Amendement n° None — ARTICLE 5 BIS
Dispositif
I. – _ L’alinéa 4 est complété par la phrase suivante :
« Par ailleurs, les fédérations sportives et les organisateurs de compétitions sportives mentionnés au même article L. 331‑5 doivent veiller à ce que les conditions de commercialisation des droits d’exploitation audiovisuelle dont ils sont propriétaires aboutissent à une meilleure exposition du sport féminin ainsi que de l’ensemble des pratiques sous-représentées. »
II. – En conséquence, compléter l’alinéa 5 par la phrase suivante :
« Ils devront également veiller à assurer une meilleure exposition du sport féminin et de l’ensemble des pratiques sous-représentées. »
III. – En conséquence, compléter l’alinéa 6 par la phrase suivante :
« Elle doit également permettre d’aboutir à une meilleure exposition du sport féminin et de l’ensemble des pratiques sous-représentées. »
Exposé sommaire
Par cet amendement, le groupe LFI souhaite renforcer l’exposition médiatique de la pratique sportive féminine, ainsi que l’ensemble des pratiques sportives sous-représentées aujourd’hui.
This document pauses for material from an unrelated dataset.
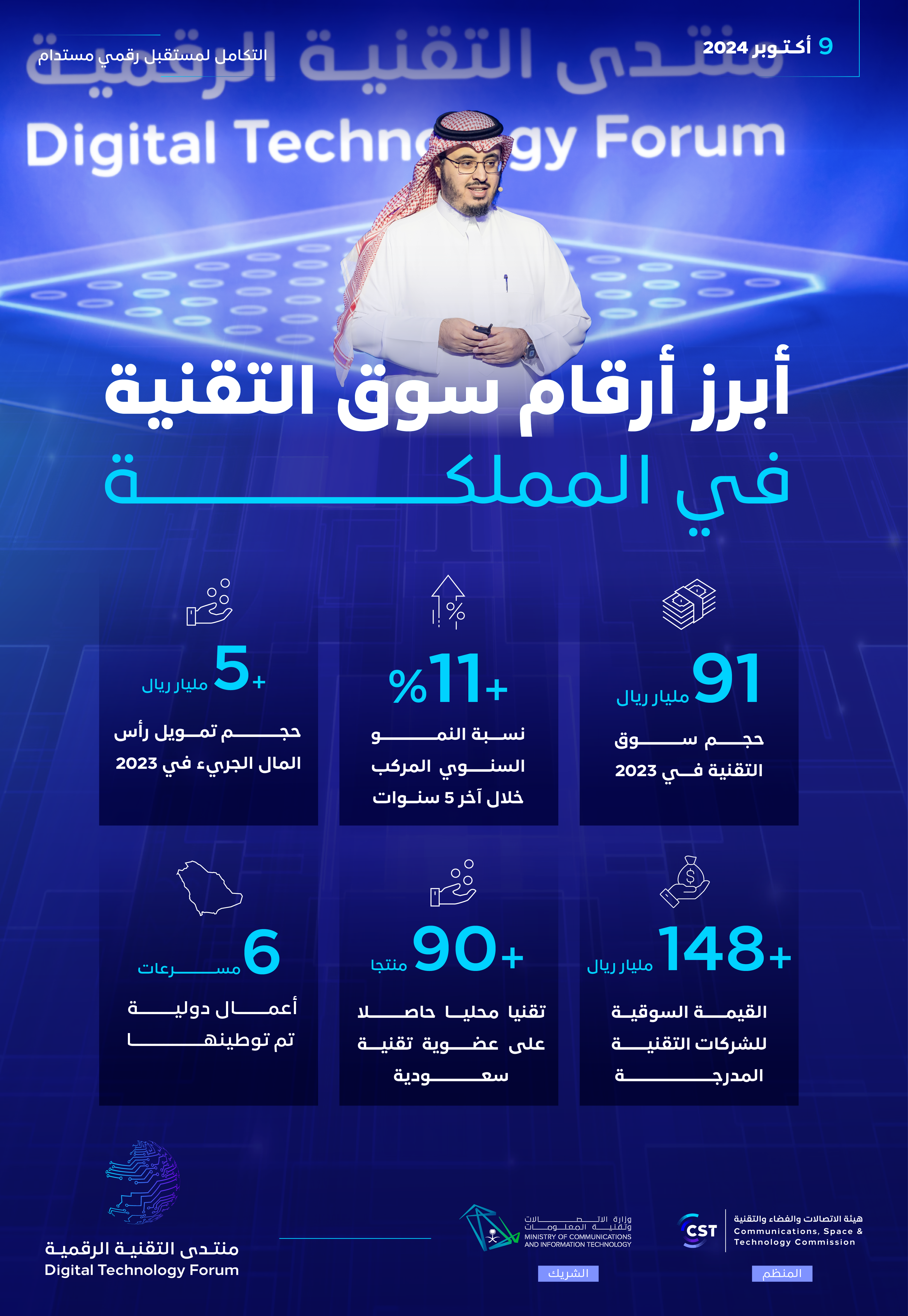 يذكر أن هيئة الاتصالات والفضاء والتقنية تعقد منتدى التقنية الرقمية سنويا بالشراكة مع وزارة الاتصالات وتقنية المعلومات لمواكبة أحدث التطورات والمتغيرات في قطاع التقنية،  حيث ناقش في نسخته الحالية من خلال 4 جلسات حوارية و 4 عروض تقديمية أبرز فرص وأدوات التكامل في قطاع التقنية في المملكة.

Hors période olympique, la représentation de la pratique sportive féminine et d’autres pratiques comme celle du handisport est structuremment plus faible. Ainsi, dans son dernier rapport sur « La représentation des femmes à la télévision et à la radio » portant sur l’exercice 2023 et publié en mars 2024, l’Arcom souligne notamment qu’entre 2018 et 2021, « la part des diffusions de sport féminin dans les retransmissions sportives reste très inférieure à la part de sport masculin ». Le sport féminin ne représente que 4,8 % du total des diffusions sportives à la télévision, contre 74,2 % pour le sport masculin. Concernant le parasport, le Baromètre de la diversité de l’Arcom dévoile un chiffre encore plus bas puisqu’il tombe à 0,8 % – en dehors de la période spécifique des Jeux Olympiques et Paralympiques. La sous-médiatisation des sports non-professionnels est également un enjeu majeur pour la diversification des activités sportives représentées à la télévision.
Dans ce contexte, il est indispensable que les fédérations sportives et organisateurs de compétitions sportives détenteurs des droits d’exploitation audiovisuelle établissent une politique de commercialisation de ces droits aux diffuseurs prenant en compte la nécessité que leur cession aboutissent à la plus grande exposition médiatique possible des rencontres sportives proposées.